Countless collectors have theories too .... "There must be a reason" is the thought process ... So countless collectors say when they ran out of parts they would just grab a part that was near to finish the bicycle off & ship it ...just because it is said does't mean it's true .... imagine if GM did that ...or Ford .. or Harley .. or Indian ... they wouldn't .. that is total BS wise tail from people who don't have a answer & maybe they are trying to justify or even sell off something with incorrect parts as a real deal something as the way it must have come .. total BS ... & just because it's in a Museum - it doesn't make it correct 

Schwinn Phantoms were top of the line Schwinn's their flagship bike ... the top of the line Schwinn from the mid 1930's up has the regular pitch chainring ... The chainring could have been changed by the shop - the owner - etc. in the last 60 years ... just sayin ... stranger things have happened ... as far as a Schwinn Autocycle being priced less than a Phantom goes ... by the time the Schwinn Phantom was introduced in 1949 .. the Schwinn Autocycle was no longer the top tier bicycle in the line up ... all the chrome work on the Phantom made it more expensive ... hence the higher price ..... my 2 cents ..........


----------



## scrubbinrims

cyclonecoaster.com said:


> Countless collectors have theories too .... "There must be a reason" is the thought process ... So countless collectors say when they ran out of parts they would just grab a part that was near to finish the bicycle off & ship it ...just because it is said does't mean it's true .... imagine if GM did that ...or Ford .. or Harley .. or Indian ... they wouldn't .. that is total BS wise tail from people who don't have a answer & maybe they are trying to justify or even sell off something with incorrect parts as a real deal something as the way it must have come .. total BS ... & just because it's in a Museum - it doesn't make it correct QUOTE]
> 
> Well said Frank...Leon Dixon has sounded the same belief and I also subscribe (except in the case of Shelby .
> Chris


----------



## dougfisk

FWIW - 

While in college I worked for a retailer that sold, among other things, bicycles.  For a 3 year period, I was the sole party who received, unpackaged, assembled, prepared for sale, and subsequently serviced and repaired ALL the bicycles for this establishment.  Now, these were not 1938 Shelbys, nor were they 1949 Schwinns, but they were the products of 2 major US bicycle manufacturers.  I can state, without reservation or hesitation, that the products shipped were not all identical or uniform.  There WERE occaisional deviations from the "norm" or "standard".  It is a fact that our manufacturers had intentionally or unintentionally substituted components that were different, but still functional.  We put them on the floor and sold them... we did not "call the authorities"...
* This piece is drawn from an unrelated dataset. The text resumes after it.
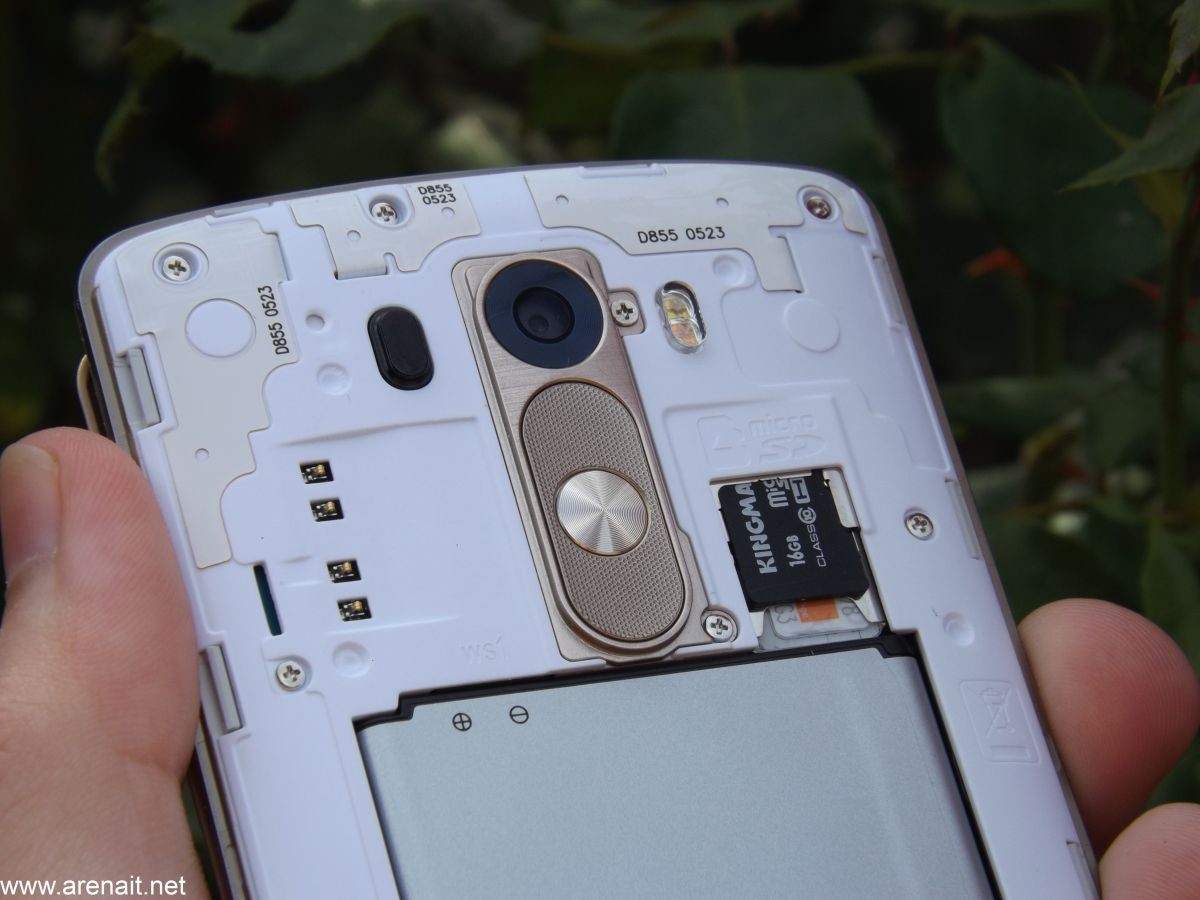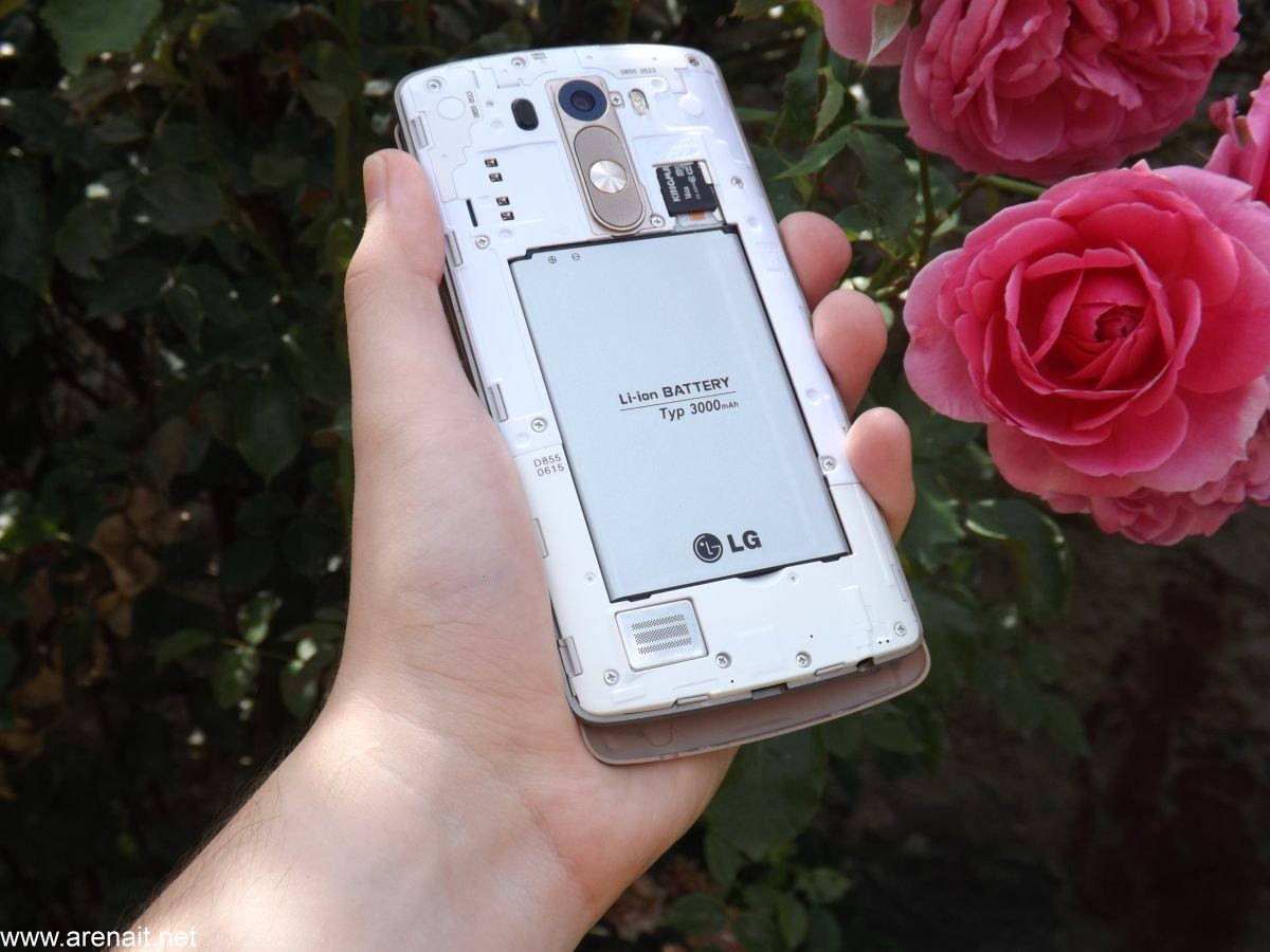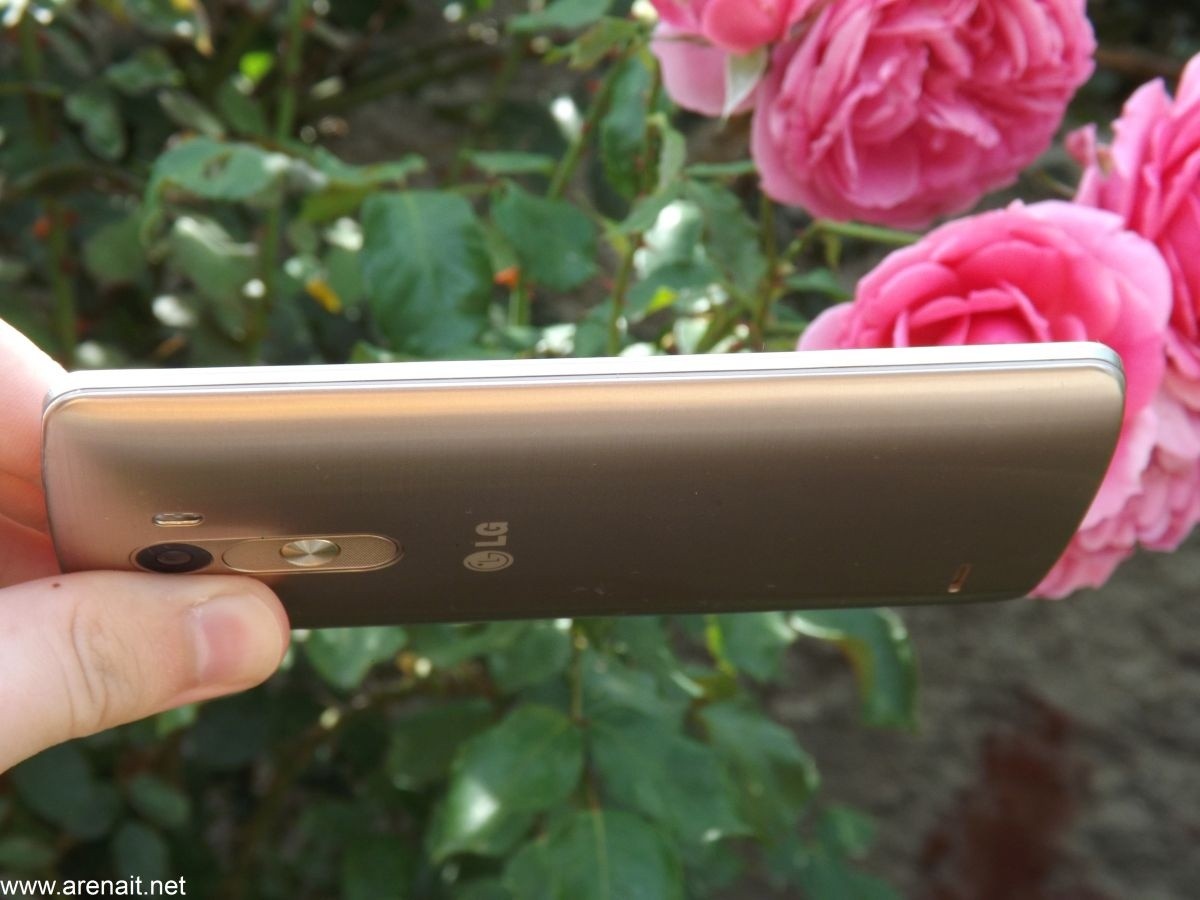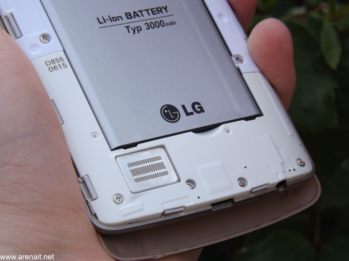 Butoanele au ramas tot pe partea din spate a telefonului si sunt la fel de comode ca pe G2. Din pacate nu mai sunt atat de distincte si ai putea sa le incurci. Difuzorul este de dimensiuni mari, dar gaura din capac este destul de mica. Se va auzi mai tare fara capac. G3 este si cel mai lat flagship dintre toate celelalte modele de pe piata. Cu toate ca este cel mai lat este si printre cele mai comode. Este usor de manevrat cu o mana.

I believe that no one, not even Mr. Schwinn himself, can say with absolute certainty that something never happened.  I do believe also, that this explanation (or excuse) is way over-used to cover-up dis-honest or unknowing deficiencies.


----------



## Rambler

I must agree with dougfisk, I work for an automobile manufacturer and have first hand knowledge of the mistakes and last minute changes that happen every day. I have no doubt that Schwinn likely built some Phantoms with 1' pitch sprockets either due to the specified 1/2" sprockets not being available at start of production or due to a later decision to use 1/2" pitch sprockets. We will never know what the reason was. To call the Phantom a flagship no expense spared bicycle is a bit strong. Most bikes in the 1950's including the Phantom were merely children's toys, not serious works of precision engineering. Even the auto manufacturer I work for makes mistakes and minor alteration on its nearly $100,000 flagship cars without telling the customer so I would not expect a bicycle company building children's toys to be perfect. They are not going to hold up production of a bicycle due to lack of a specified component. Suitable substitutions will be made for the sake of profits and production schedule timing.


----------



## 2jakes

*+ 1 on the last two posts ! *


----------



## Obi-Wan Schwinnobi

Who's got one with a skippy?? That you know fer sure came that way?? Post a pic!!As to regards of putting whatever part on that was "laying around", well that's crap. Every boy had been saving up for one of these things. They have been looking at their friends phantom and ocd ing over pictures in comic books. I for one, if being a kid back then would have definitely had a prob with my brand new phantom having panther parts on it!.. Bottom line is its bad salesmanship to print lit with very distinguishable parts on it and then have the actual product be missing those parts.. Kids would notice the light being wrong or non deluxe ring. Thats how kids are! They want to one up their buddies panther!   now question is, did Girls phantoms come with skippy? Lol


----------



## SJ_BIKER

*heres a picture*

Gasp...its looks o.g. ....looooks like a skip tooth to me


----------



## GTs58

Here's a 1954 being sold by a well known collector/seller and it's equipped with a four ring clover sprocket.
http://www.ebay.com/itm/Vintage-195...90800629819?hash=item43b511783b#ht_3182wt_679

Looks O.G to me.        Bwa ha ha.

Since the chain rings were made in house I highly doubt they ever ran out and used what was on the shelf at the time. That is the biggest excuse I've ever heard for someone switching out parts on a 50 year old Schwinn. Never saw a straight bar Phantom because they ran out of cantilever frames. I personally believe Schwinn was pretty exact as far as what was produced and they adheared to a models specs right down to the wire. I totally agree with Fatbar 100% on this subject.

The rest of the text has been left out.